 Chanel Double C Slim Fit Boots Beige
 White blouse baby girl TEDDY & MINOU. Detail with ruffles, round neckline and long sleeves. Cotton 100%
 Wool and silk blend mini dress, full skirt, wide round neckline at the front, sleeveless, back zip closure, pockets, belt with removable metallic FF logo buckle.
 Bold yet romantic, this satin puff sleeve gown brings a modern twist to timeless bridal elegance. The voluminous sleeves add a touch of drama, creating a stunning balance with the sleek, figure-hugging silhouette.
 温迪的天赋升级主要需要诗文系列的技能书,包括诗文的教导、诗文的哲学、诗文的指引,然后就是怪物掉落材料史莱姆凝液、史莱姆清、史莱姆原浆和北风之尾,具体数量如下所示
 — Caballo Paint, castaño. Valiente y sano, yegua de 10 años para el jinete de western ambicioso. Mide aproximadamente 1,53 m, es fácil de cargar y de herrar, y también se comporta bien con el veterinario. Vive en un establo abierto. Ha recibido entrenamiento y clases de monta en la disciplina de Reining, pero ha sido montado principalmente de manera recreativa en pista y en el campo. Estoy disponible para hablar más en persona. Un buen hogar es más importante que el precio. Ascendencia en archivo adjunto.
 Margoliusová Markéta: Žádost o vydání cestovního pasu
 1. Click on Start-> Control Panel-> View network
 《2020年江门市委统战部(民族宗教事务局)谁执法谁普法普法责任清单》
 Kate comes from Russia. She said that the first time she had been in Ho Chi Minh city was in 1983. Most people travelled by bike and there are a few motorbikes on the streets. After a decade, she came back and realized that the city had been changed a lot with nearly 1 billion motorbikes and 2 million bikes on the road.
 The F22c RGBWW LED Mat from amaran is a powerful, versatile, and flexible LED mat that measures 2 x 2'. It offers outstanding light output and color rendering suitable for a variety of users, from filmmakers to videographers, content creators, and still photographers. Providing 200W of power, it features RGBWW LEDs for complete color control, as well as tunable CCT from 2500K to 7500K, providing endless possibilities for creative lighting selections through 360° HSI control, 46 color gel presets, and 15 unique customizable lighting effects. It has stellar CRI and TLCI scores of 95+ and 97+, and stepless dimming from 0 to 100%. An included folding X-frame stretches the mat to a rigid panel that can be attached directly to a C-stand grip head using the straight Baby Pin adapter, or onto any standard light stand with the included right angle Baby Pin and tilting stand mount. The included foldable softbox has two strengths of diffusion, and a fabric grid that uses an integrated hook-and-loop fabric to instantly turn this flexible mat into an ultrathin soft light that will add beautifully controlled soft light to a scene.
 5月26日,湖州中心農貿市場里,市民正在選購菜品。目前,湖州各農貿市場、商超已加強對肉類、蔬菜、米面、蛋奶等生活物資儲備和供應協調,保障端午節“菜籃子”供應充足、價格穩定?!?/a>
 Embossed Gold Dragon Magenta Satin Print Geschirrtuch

____

» **What you have to do**: When you answer, repeat each entry exactly as it appears above.

» **Exercise response**:
 Chanel Double C Slim Fit Boots Beige
 White blouse baby girl TEDDY & MINOU. Detail with ruffles, round neckline and long sleeves. Cotton 100%
 Wool and silk blend mini dress, full skirt, wide round neckline at the front, sleeveless, back zip closure, pockets, belt with removable metallic FF logo buckle.
 Bold yet romantic, this satin puff sleeve gown brings a modern twist to timeless bridal elegance. The voluminous sleeves add a touch of drama, creating a stunning balance with the sleek, figure-hugging silhouette.
 温迪的天赋升级主要需要诗文系列的技能书,包括诗文的教导、诗文的哲学、诗文的指引,然后就是怪物掉落材料史莱姆凝液、史莱姆清、史莱姆原浆和北风之尾,具体数量如下所示
 — Caballo Paint, castaño. Valiente y sano, yegua de 10 años para el jinete de western ambicioso. Mide aproximadamente 1,53 m, es fácil de cargar y de herrar, y también se comporta bien con el veterinario. Vive en un establo abierto. Ha recibido entrenamiento y clases de monta en la disciplina de Reining, pero ha sido montado principalmente de manera recreativa en pista y en el campo. Estoy disponible para hablar más en persona. Un buen hogar es más importante que el precio. Ascendencia en archivo adjunto.
 Margoliusová Markéta: Žádost o vydání cestovního pasu
 1. Click on Start-> Control Panel-> View network
 《2020年江门市委统战部(民族宗教事务局)谁执法谁普法普法责任清单》
 Kate comes from Russia. She said that the first time she had been in Ho Chi Minh city was in 1983. Most people travelled by bike and there are a few motorbikes on the streets. After a decade, she came back and realized that the city had been changed a lot with nearly 1 billion motorbikes and 2 million bikes on the road.
 The F22c RGBWW LED Mat from amaran is a powerful, versatile, and flexible LED mat that measures 2 x 2'. It offers outstanding light output and color rendering suitable for a variety of users, from filmmakers to videographers, content creators, and still photographers. Providing 200W of power, it features RGBWW LEDs for complete color control, as well as tunable CCT from 2500K to 7500K, providing endless possibilities for creative lighting selections through 360° HSI control, 46 color gel presets, and 15 unique customizable lighting effects. It has stellar CRI and TLCI scores of 95+ and 97+, and stepless dimming from 0 to 100%. An included folding X-frame stretches the mat to a rigid panel that can be attached directly to a C-stand grip head using the straight Baby Pin adapter, or onto any standard light stand with the included right angle Baby Pin and tilting stand mount. The included foldable softbox has two strengths of diffusion, and a fabric grid that uses an integrated hook-and-loop fabric to instantly turn this flexible mat into an ultrathin soft light that will add beautifully controlled soft light to a scene.
 5月26日,湖州中心農貿市場里,市民正在選購菜品。目前,湖州各農貿市場、商超已加強對肉類、蔬菜、米面、蛋奶等生活物資儲備和供應協調,保障端午節“菜籃子”供應充足、價格穩定?!?/a>
 Embossed Gold Dragon Magenta Satin Print Geschirrtuch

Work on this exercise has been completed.